LetterReplaced ByExample
ck or scat → kat, city → siti
qk or kwqueen → kween
xks or zbox → boks, xylophone → zailufohn

Special Cases

Beyond basic phonemic translation, Ingglish handles several edge cases:

Contractions

Contractions like "don't", "I'm", and "we'll" are translated as complete units using their dictionary pronunciations. The apostrophe is dropped since Ingglish spelling is unambiguous: don't → dohnt, I'm → iem, we'll → weel. This ensures contractions round-trip correctly between English and Ingglish.

Case Preservation

Capitalization patterns are preserved during translation. ALL CAPS stays all caps, Title Case stays title case, and lowercase stays lowercase. For mixed case like "GitHub", the exact pattern is preserved position-by-position. The pronoun "I" becomes lowercase "ai" since the capitalization is just an English convention, not phonemic.

Initialisms

Initialisms like UI, API, and URL are translated by taking the first letter of each translated expansion word. For example, UI (User Interface) becomes YI because "user" translates to "yoozer" (Y) and "interface" translates to "interfays" (I). This preserves the initialism format while using Ingglish spellings. Common initialisms stay all caps: UI → YI, API → API, URL → YRL.

Unknown Words

Words not in the dictionary (like tech terms, brand names, or neologisms) are handled through multiple fallback strategies: compound word splitting (GitHub → Git + Hub), known suffixes and prefixes (-tion, -ing, un-, re-), and rule-based grapheme-to-phoneme conversion. This ensures even invented words get reasonable phonemic spellings.

Reverse Translation

Ingglish can be translated back to English. The system matches phonemic spellings against the dictionary to find the original words. For homophones like "too", "to", and "two" (all spelled "too" in Ingglish), the most common word is chosen based on frequency data.
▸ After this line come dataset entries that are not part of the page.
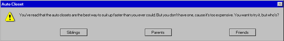 But this character will know your character no matter what. So, as you choose an option tell me the gender and name of your character as well as the gender and relationship of the other character you want.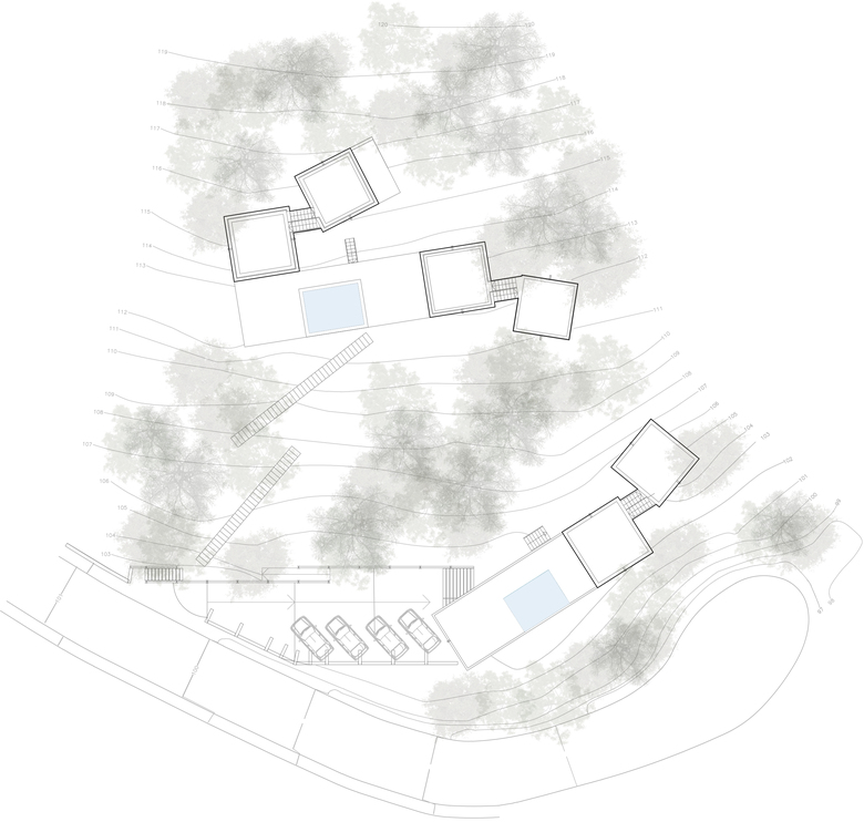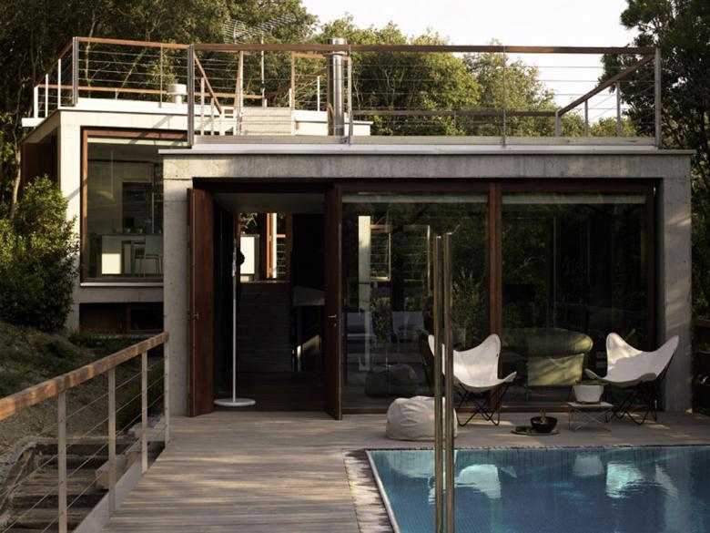 The house is structured with two-story modules, roughly 5.5 x 5.5 meters in size, which are articulated and connected at mid-height by stairs, adapting to the uneven terrain and leaving part of the house semi-buried for natural thermal insulation. The upper floor houses the living room, linked to the terrace where the pool is located – oriented to provide a distant view of the sea above the trees. Another module, half a floor higher, contains the dining area and kitchen. The lower levels, immersed in the forest, house the bedrooms.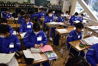 2月第4週が始まりました。新年を迎えて2か月余りが経過したとは・・・今日は生徒会本部役員のみなさんが中心となって、この一年間あらゆる機会に検討を重ねてきた「生活についてのきまり」をオンラインで全校生徒に伝える機会がありました。自らの生活について、自分たち自身で協議を重ねてきました。その、自主的な取り組みは大変素晴らしいものでありました。3年生は、埼玉県公立高等学校入学者選抜の学力検査などを迎えます。体調を万全に整えて全力を尽くして頑張ってくださいね。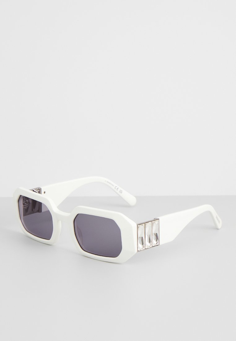 Upgrade your look with these Swarovski casual style glasses for women, perfect for the Spring/Summer season. The crisp white color adds a fresh touch to any outfit. These sunglasses are both fashionable and functional, making them a must-have accessory for sunny days. Elevate your style effortlessly with this chic pair of glasses.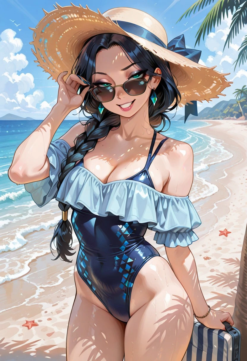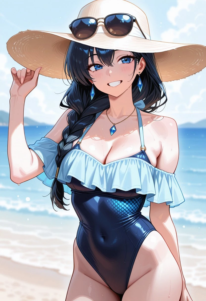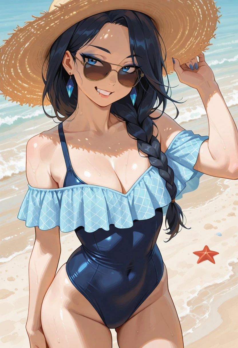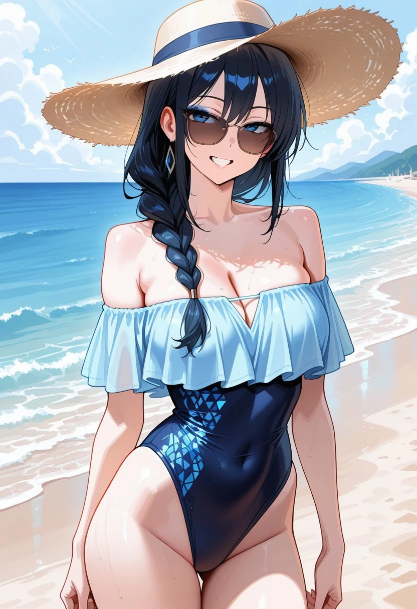dark blue diamond print outfit (sunhat, sunglasses, light blue off-shoulder neck swimsuit)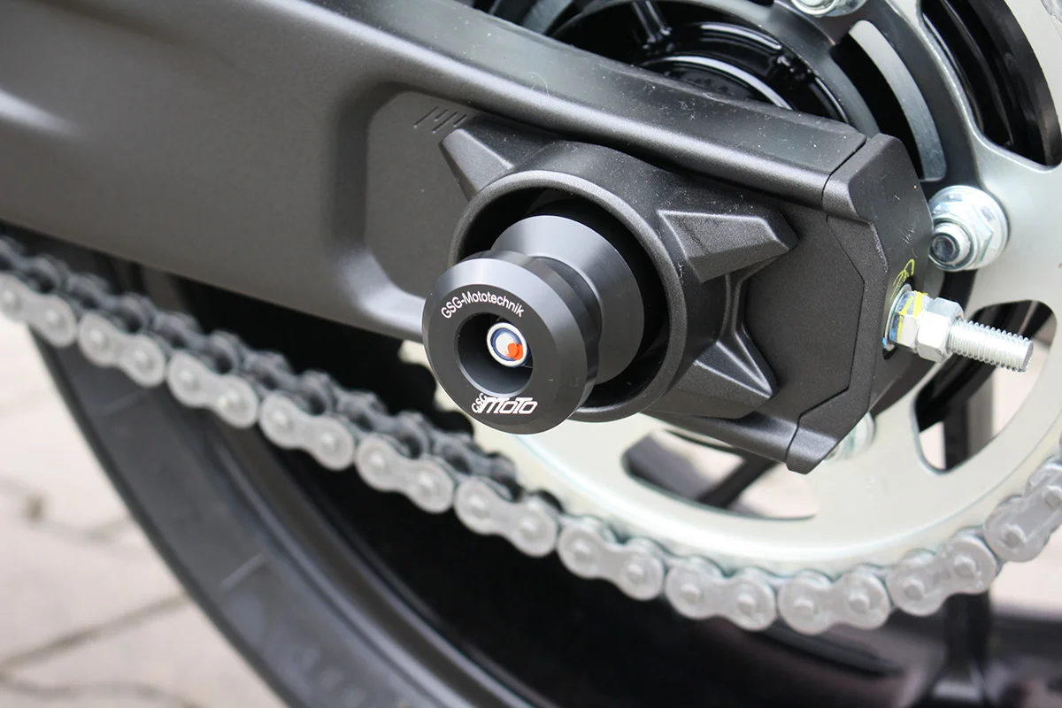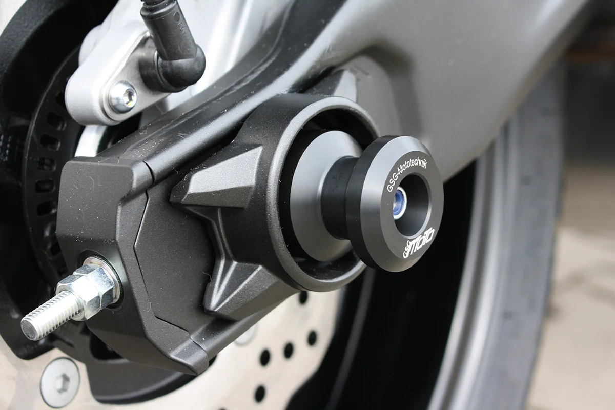 Защитные слайдеры заднего колеса GSG надежно предохраняют заднюю часть мотоцикла от ударов и протирания. При падении мотоцикл ложится на них и контролируемо скользит до остановки. Форма головки просчитана таким образом, чтобы не зацепиться за неровности асфальта, не повредить место крепления и не перевернуть мотоцикл. Качество слайдеров GSG подтверждено 30-летним производством и использованием на дороге и на гоночных треках. Слайдеры устанавливаются в ось заднего колеса с помощью шпильки. Крепёж входит в комплект.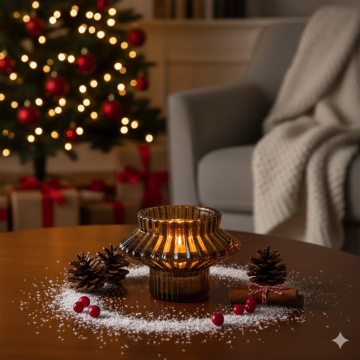 Funzionalità: Progettato per ospitare comodamente una candela tipo tealight, esaltando la sua fiamma grazie al vetro strutturato.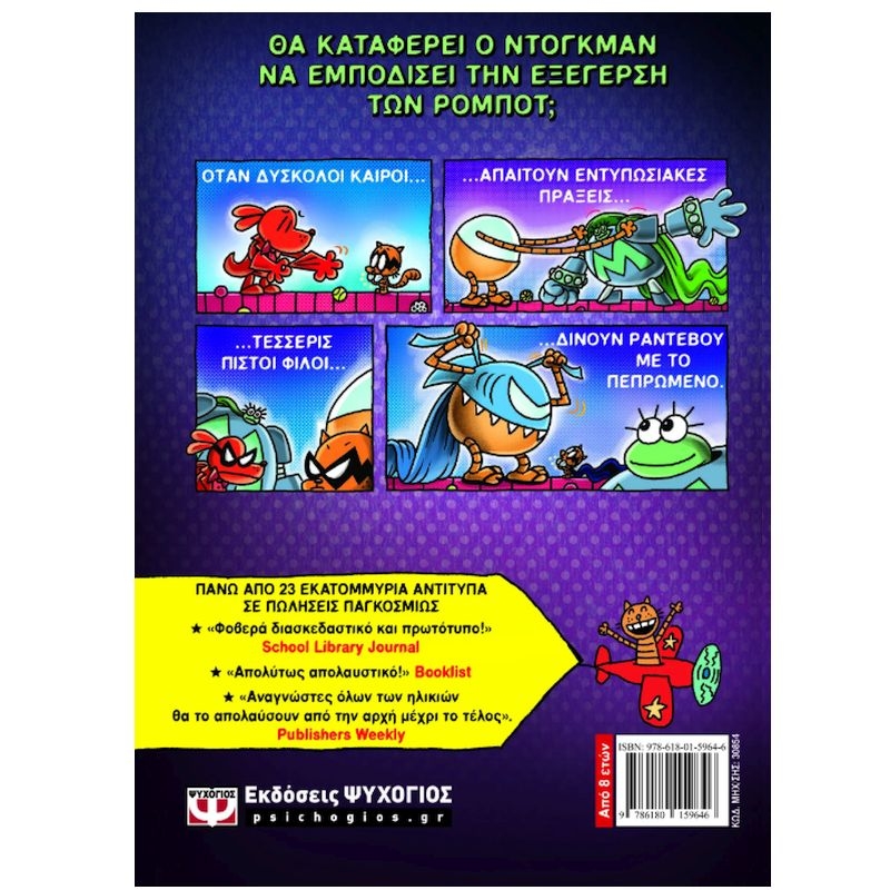 Πιφ! Τον Ντόγκμαν τον ψέκασε ασβός! Έπειτα από ένα καλό πλύσιμο με χυμό ντομάτας, η δυσωδία έφυγε, του έμεινε όμως το κόκκινο χρώμα… Ο γενναίος υπερήρωας, εξόριστος πια, παλεύει να σώσει τους πολίτες που τον απομόνωσαν! Από την άλλη ο Πίτι, για να τον βοηθήσει, αναγκάζεται να επιστρέψει στο έγκλημα. Άραγε ο σκοπός θα αγιάσει τα μέσα; Και ποιος θα τολμήσει να πολεμήσει αυτόν τον καινούριο, ολοκαίνουριο, παντελώς άγνωστο κακό, που έχει εξαπολύσει έναν στρατό από ρομπότ τεχνητής νοημοσύνης;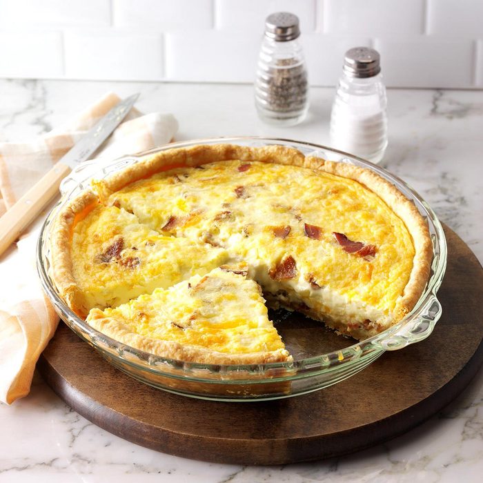 I enjoy preparing hearty country breakfasts for the guests at my bed-and-breakfast. This fluffy breakfast quiche recipe with lots of cheese and bacon is a most satisfying entree.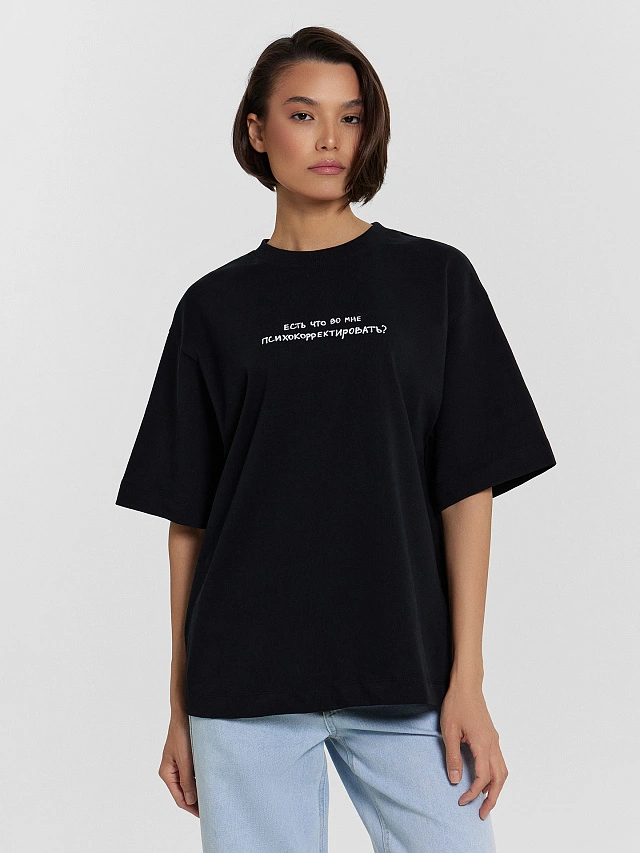Футболка женская черная с надписью "Есть что во мне психокорректировать?"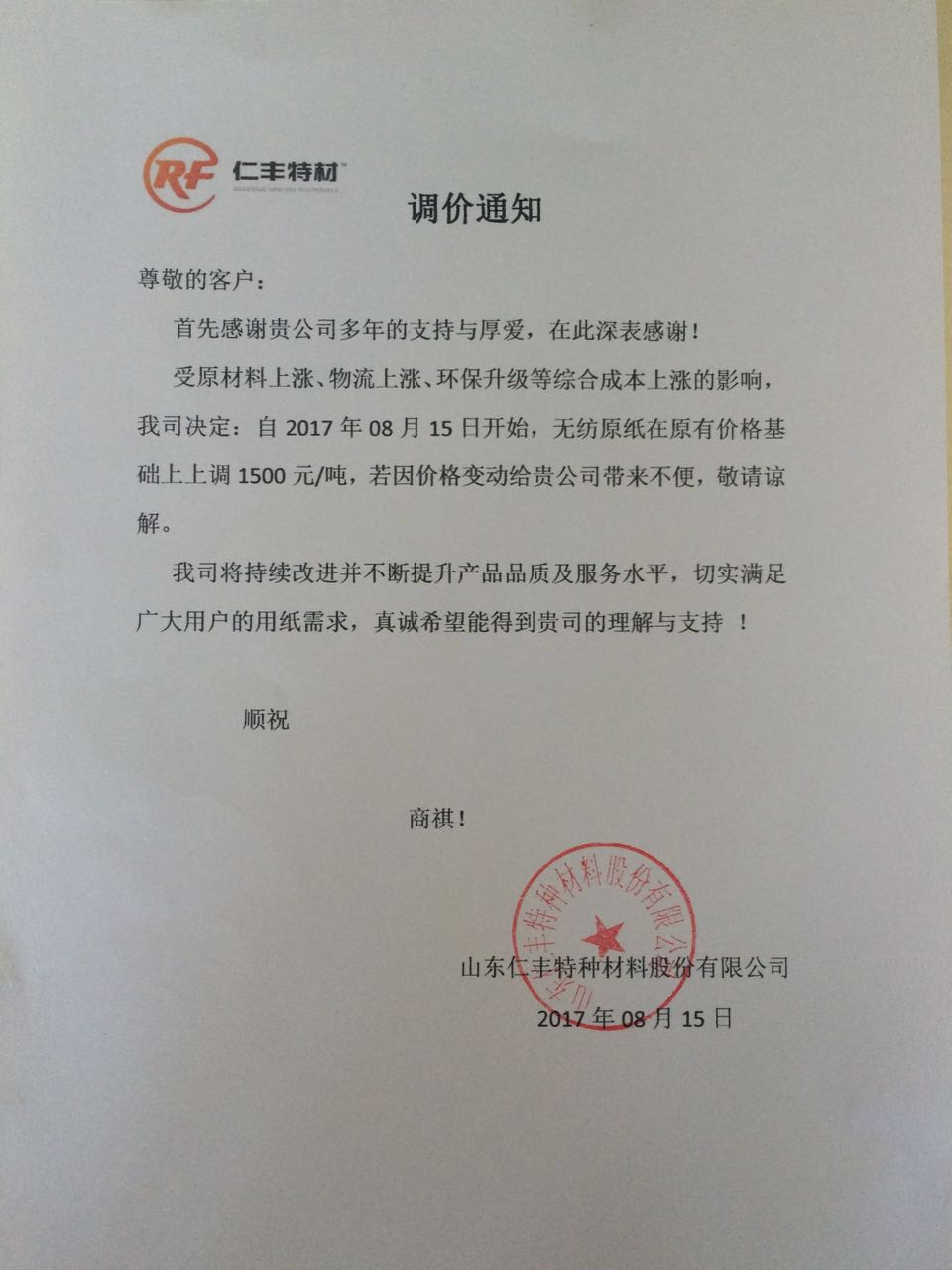 1、 自8月15日起,仁豐特材無紡原紙在原有價格基礎上上調1500元/噸。

Case patterns are preserved during reverse translation.

R-Colored Vowels

When certain vowels are followed by R, they combine into special r-colored sounds. See the R-Colored Vowels table in the Vowels section above for the complete list of mappings.

Hyphen Separator

When two adjacent sounds would produce three or more of the same letter in a row, a hyphen is inserted to keep the spelling readable. For example, "acquiesce" has an "ee" sound followed by a short "e" sound — without a separator that would be "akweees", so Ingglish writes "akwee-es" instead. This also occurs in foreign language translations and spelled-out initialisms (e.g. HTML → aychtee-emel).